The weirdest scenes include one that is along the road to Volos in which a fifty-meter clearing is nearby and things get super bizarre because they see a satyr and the biologist wants to shoot it, but instead the main character (kallikanzaros, remember?) starts playing a shepherd’s pipe and more goat things appear. A strange 1960s interlude of weirdness.
Another dip into the insane is the whole segment wherein the group gets captured and there is a obese albino and Procrustes shows up and fighting and what in the ever-living-heck is this crap about? One wonders if Zelazny just felt like writing while inebriated or if he wrote scenes just to weave some weird ancient Greek mythology into them or if some editor demanded pulp action scenes.

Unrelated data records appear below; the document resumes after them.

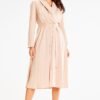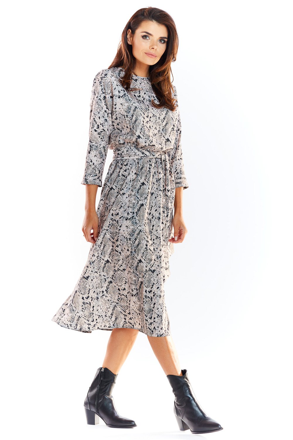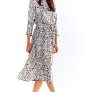 Sukienka midi z rękawem 3/4. Sukienka uszyta z materiału w modne wzory. W talii gumka, oraz wszyty ozdobny pasek, dzięki któremu sukienka idealnie dopasowuje się do figury. Sukienka ma niezwykle kobiecy charakter, idealnie ukrywa mankamenty figury. Idealna do pracy i na popołudniową kawę. Produkt wyprodukowany w Polsce.
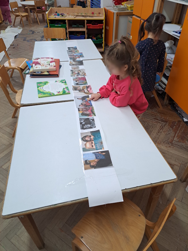 Djeca su donosila slikovnice od kuće koje smo zajednički čitali ili su ih djeca međusobno čitala jedni drugima u manjim skupinama. Svako jutro započinjali smo čitanjem jedne slikovnice, čime smo stvorili ugodnu i poticajnu čitateljsku rutinu.
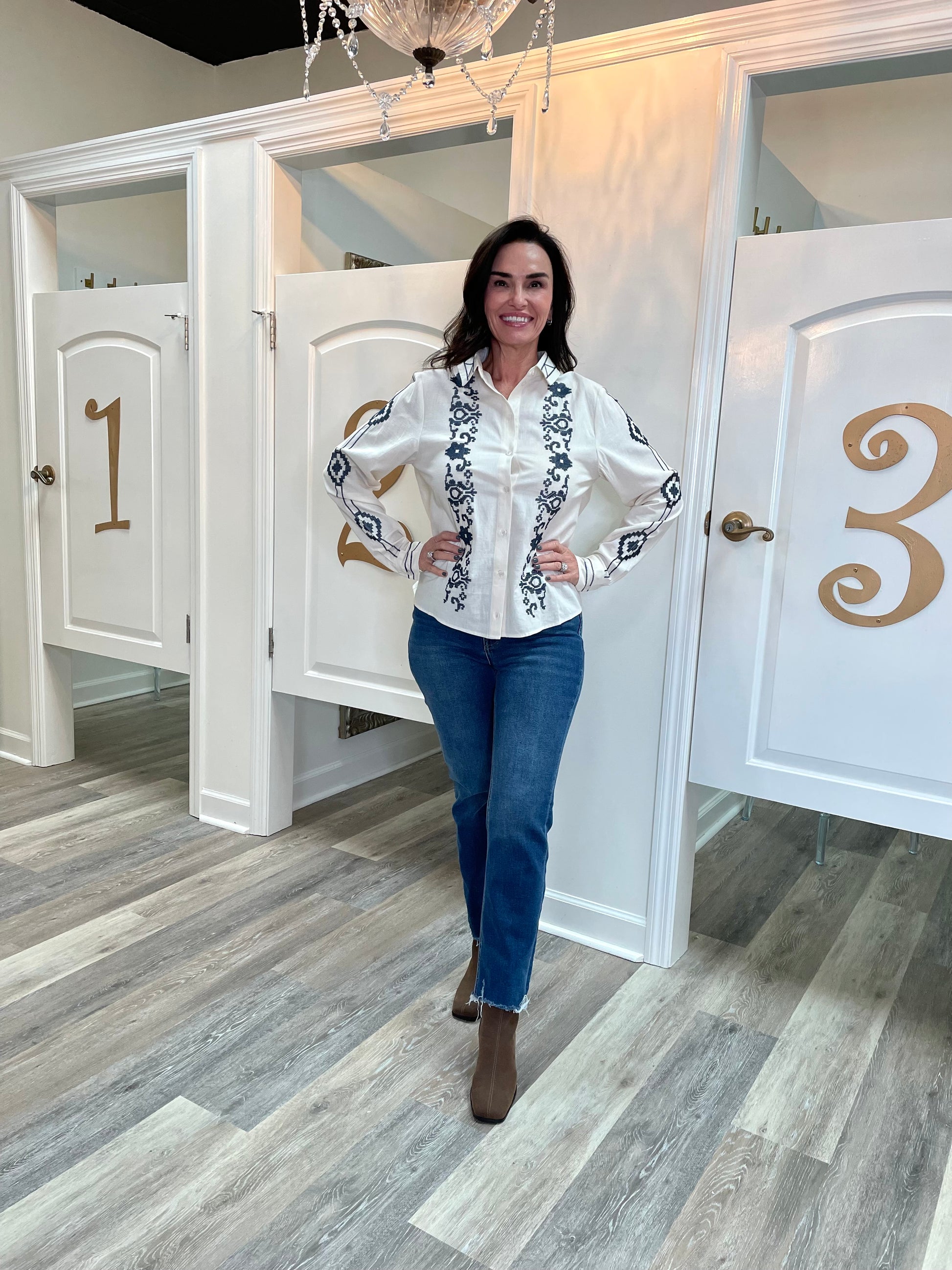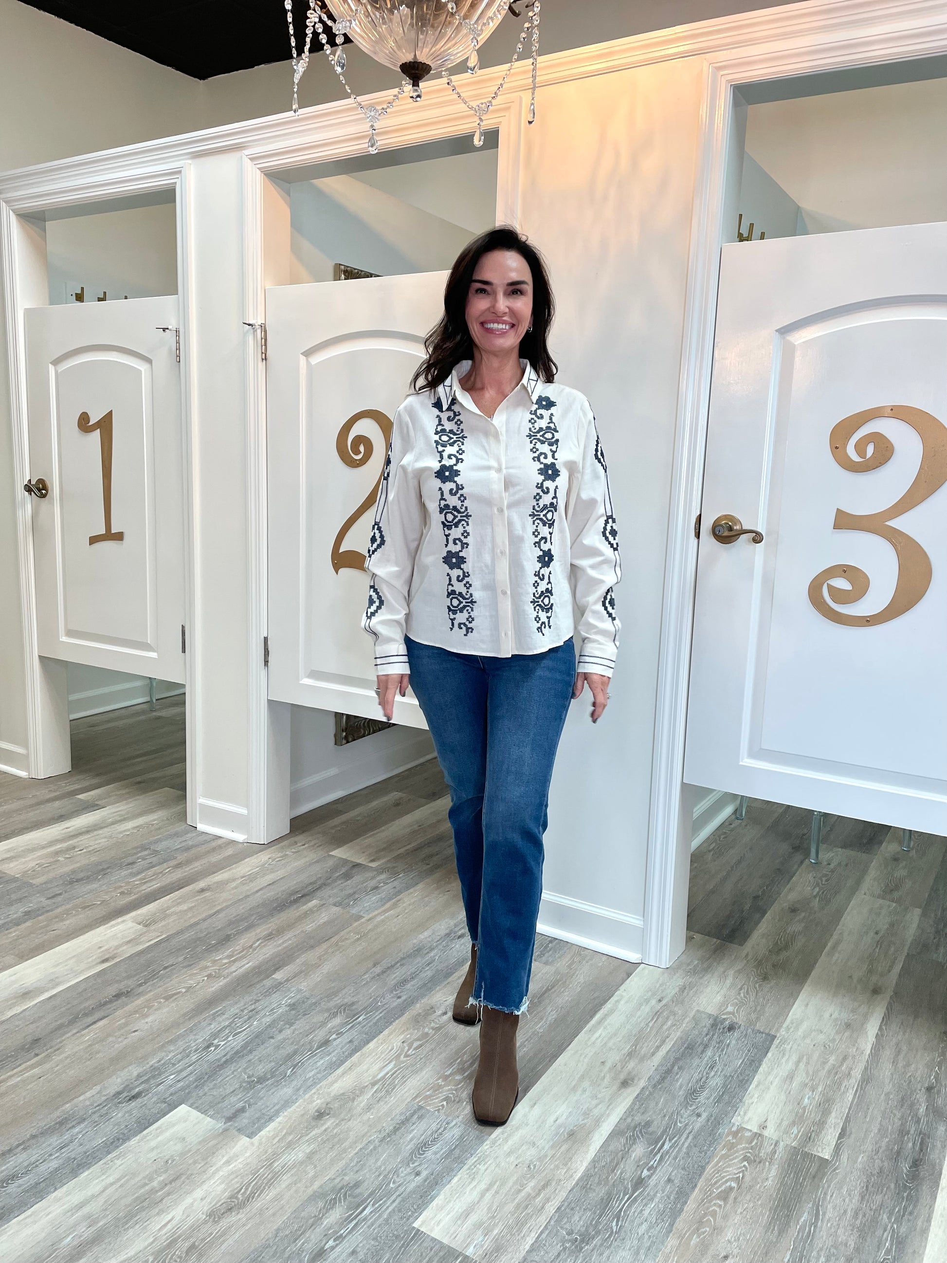 Bring a touch of charm to your wardrobe with the Montana Top. This playful button-up features delicate embroidery across the front, sleeves, and collar, adding eye-catching detail wherever you go. Its relaxed fit, long sleeves with buttoned cuffs, and classic collared neckline make it a comfy and stylish choice for any casual day. Button down the placket and let your look bloom with unique, embroidered flair.

Whatever the case may be, these are basically absurdist and once overlayed on the frustrated, apathetic social gathering that is filled with ennui and motives – it just deflates the whole effort.
Constantly the novel is filled with allusions and hints and name-dropping and metaphors that display Zelazny’s interest and knowledge of ancient Greek (and other) mythologies. However, instead of peppering and simmering, he just dumps the whole spicy bottle into the stew and we get heavy-handed writing with no plot and stupid characters. For example, Cassandra – if you can believe it – is here. Why? I honestly do not know. A lot of the book actually involves her in some way, but why? At the end of the thing, I have no idea why this character is even here except maybe to fill the final scene with that happy all-wrapped-up easy peasy action novel ending. (Cassandra with a high-powered rifle is a painting I want on my walls, though.)
Overall, the novel wants you to like it and as a reader I really wanted to, as well. So engaging and breezy, but ultimately ridiculous and stupid. It is really quite like taking the well-worn concept of “humans do not treat their planet well” and then turning it into some Edwardian/ancient Greek farce. What did Zelazny want to do with this? He did not know, either, I think. Its mid-1960s sentiment with some leftover 1940s pulp. Good luck, readers.